::: Dataset content
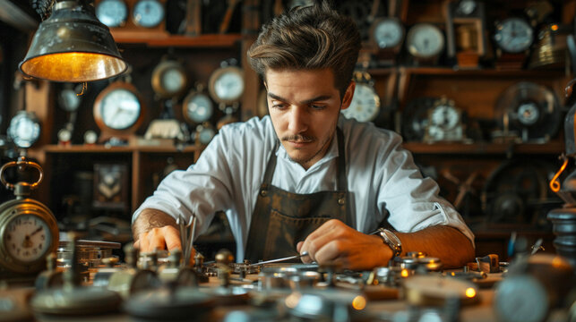 A meticulous watchmaker in a workshop the photo captures a young male artisan in a neat apron
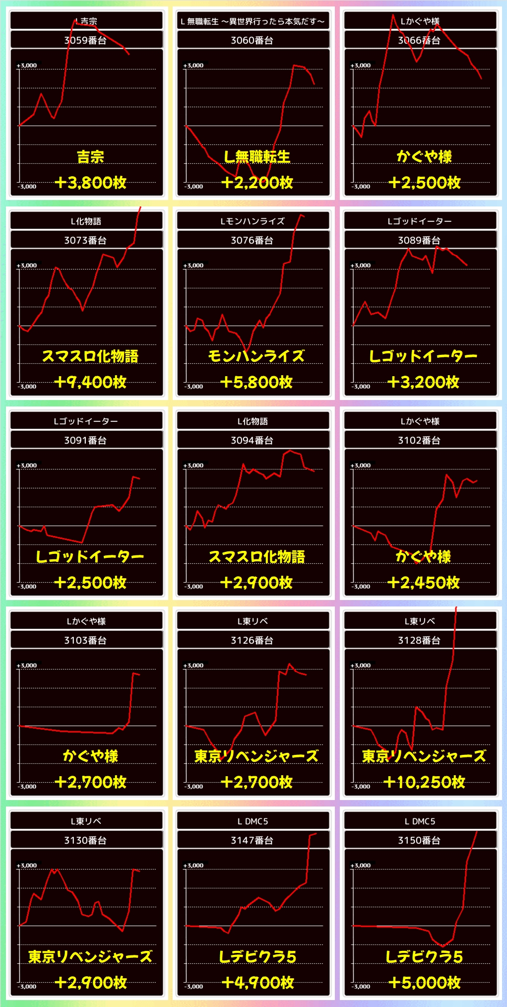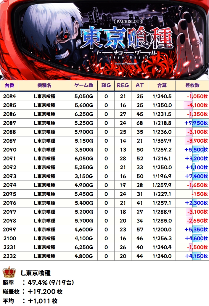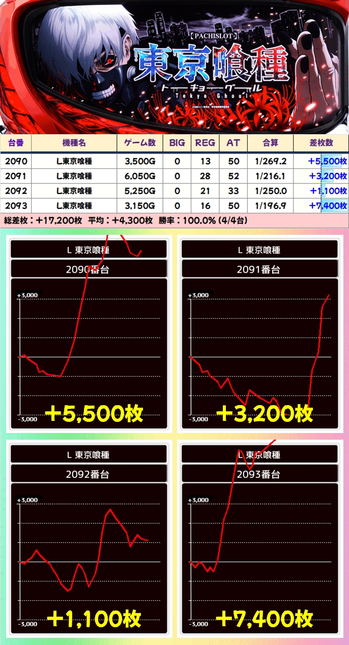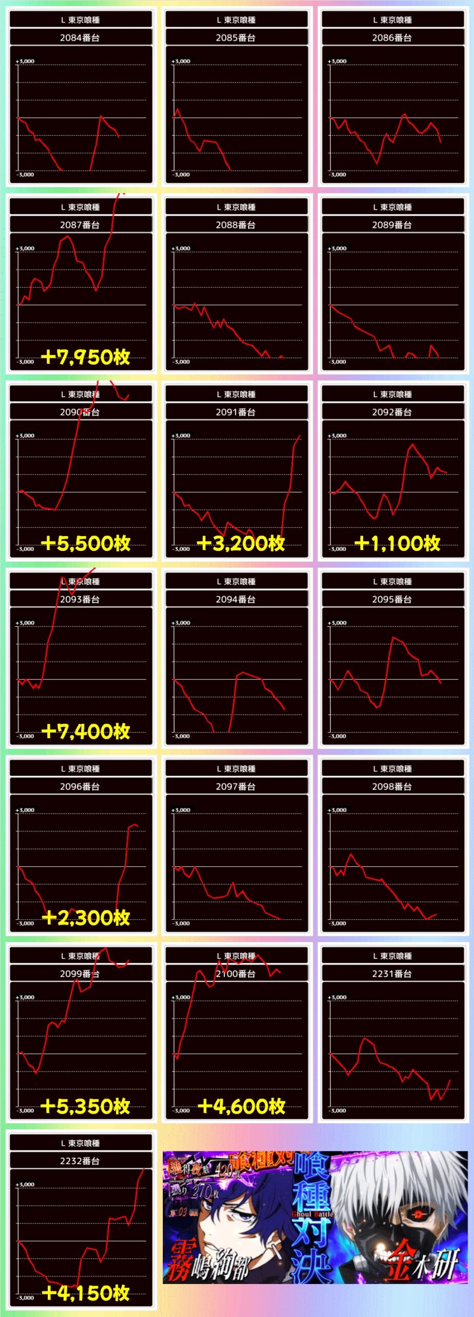 東京喰種の2090-2093番台の並びは2台並び×2箇所で4台並びとなっており、平均+4000枚以上と大幅プラスとなっていました。
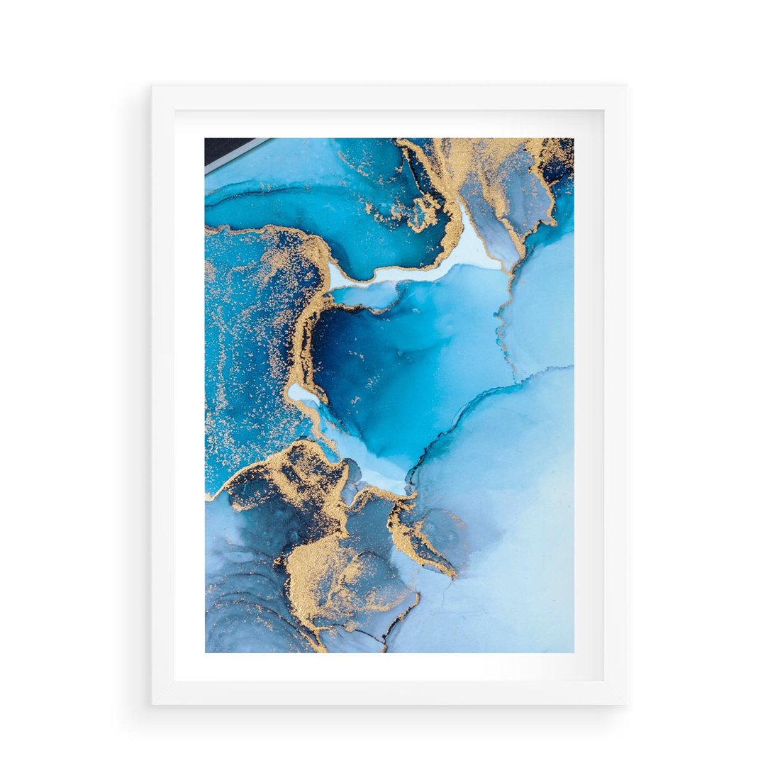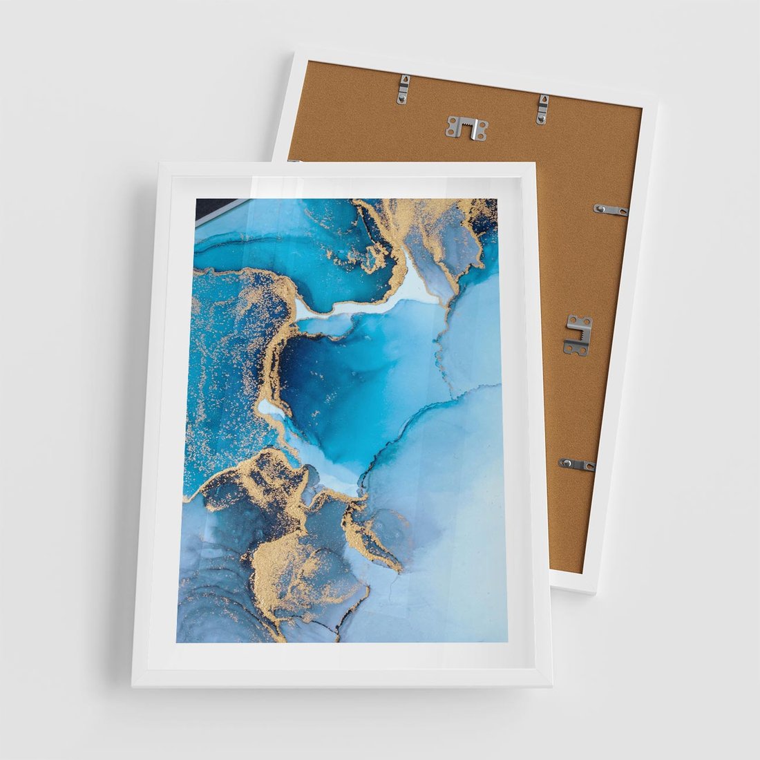 Plakat w ramie 50x70 - Elegancja i Wyrafinowanie - marmur, złoto - rama biała
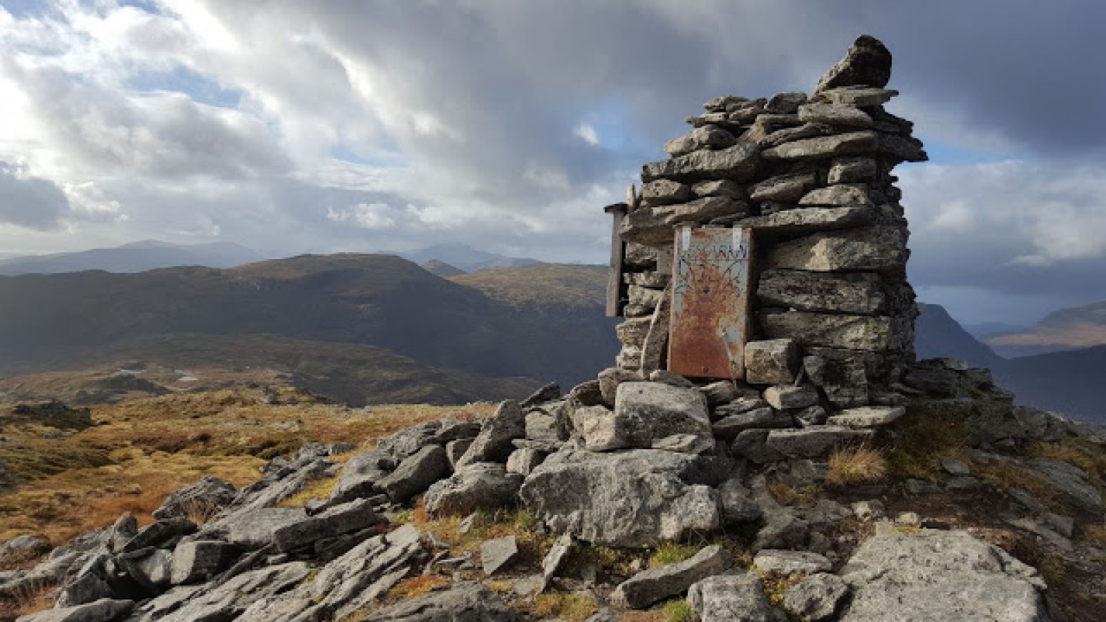 Tur med fin utsikt både utover havet og innover fjella på Nordmøre og i Romsdal. Varde på toppen av Duå.
::::::
▶ [Work request] What you need to retype is every line from the one that has "Plakat w ramie" through the last line of the listing, both included, with the pictures left out.

▶ [Answer below]
 Plakat w ramie 50x70 - Elegancja i Wyrafinowanie - marmur, złoto - rama biała
 Tur med fin utsikt både utover havet og innover fjella på Nordmøre og i Romsdal. Varde på toppen av Duå.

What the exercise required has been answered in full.